This paper maps the political trajectories of U Ottama (1879-1939), an anti-colonial revolutionary and Buddhist monk who mobilized the sangha and laymen in Burma into political action in the early 20th century. U Ottama’s politics was shaped by his travels across Buddhist Asia, especially India where he spent two decades intimately involved in the project of Buddhist revival, and Japan, the Asian exemplar of political and religious sovereignty. In his quest for spiritual and temporal freedom, U Ottama invoked the sacred geography of India – the birthplace of Buddhism – and its political destiny with which he believed Burma’s was inextricably entangled. At the same time, Hindu reformers within the Arya Samaj and All India Mahasabha aligned themselves with the movement for Buddhist revival in their projections of Greater India.
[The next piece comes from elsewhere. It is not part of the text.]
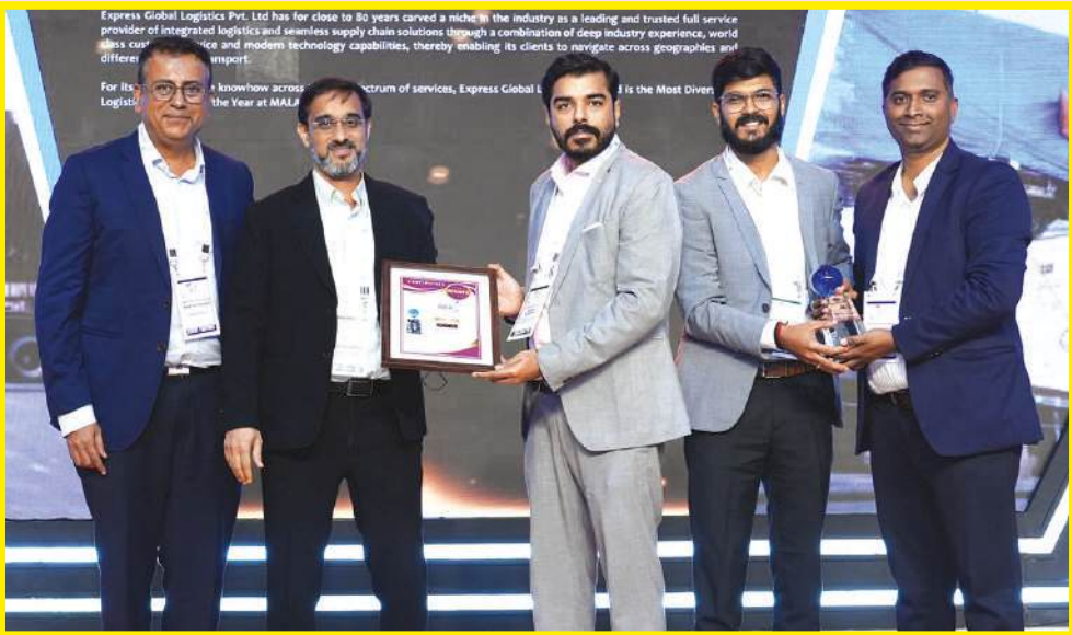
EXPRESS GLOBAL LOGISTICS PVT. LTD.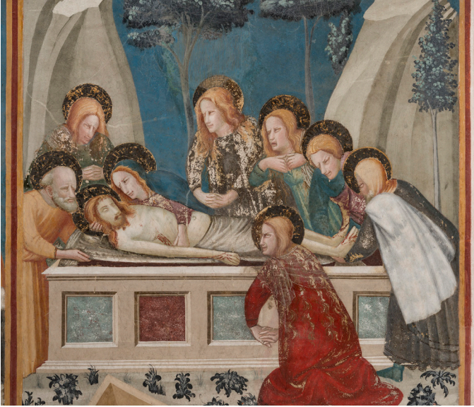
Divine murals. Reial Monestir de Pedrabes

(Montcada, 15-23). M: Jaume I (L4). Mon 10am-5pm; Tue-Sun

U Ottama served as the “living link” between the spiritual and temporal manifestations of Hindu-Buddhist proximity in the 1920s and 30s, becoming the president of the All India Hindu Mahasabha in 1935. Shifting focus away from the territorial nationalisms of anticolonial politics in the inter-war years, this paper argues that the Pan-Asian projects of Buddhist revival and Greater India coalesced around the imagined existential threat posed by Muslims in India and Burma that produced a shared politics of Hindu-Buddhist religious majoritarianism that continues to reverberate across South Asia till today.
Bio:
Sana Aiyar is Associate Professor of History at the Massachusetts Institute of Technology (MIT). Her broad research interests lie in the regional and transnational history of South Asia and South Asian diasporas, with a particular focus on colonial and nationalist politics and society across the Indian Ocean. She is author of Indians in Kenya: Politics of Diaspora (HUP, 2015) and is currently completing a book manuscript on India and Burma in the 1920s and 30s. She is also Research Director and Co-curator of South Asia and the Institute: Transformative Connections.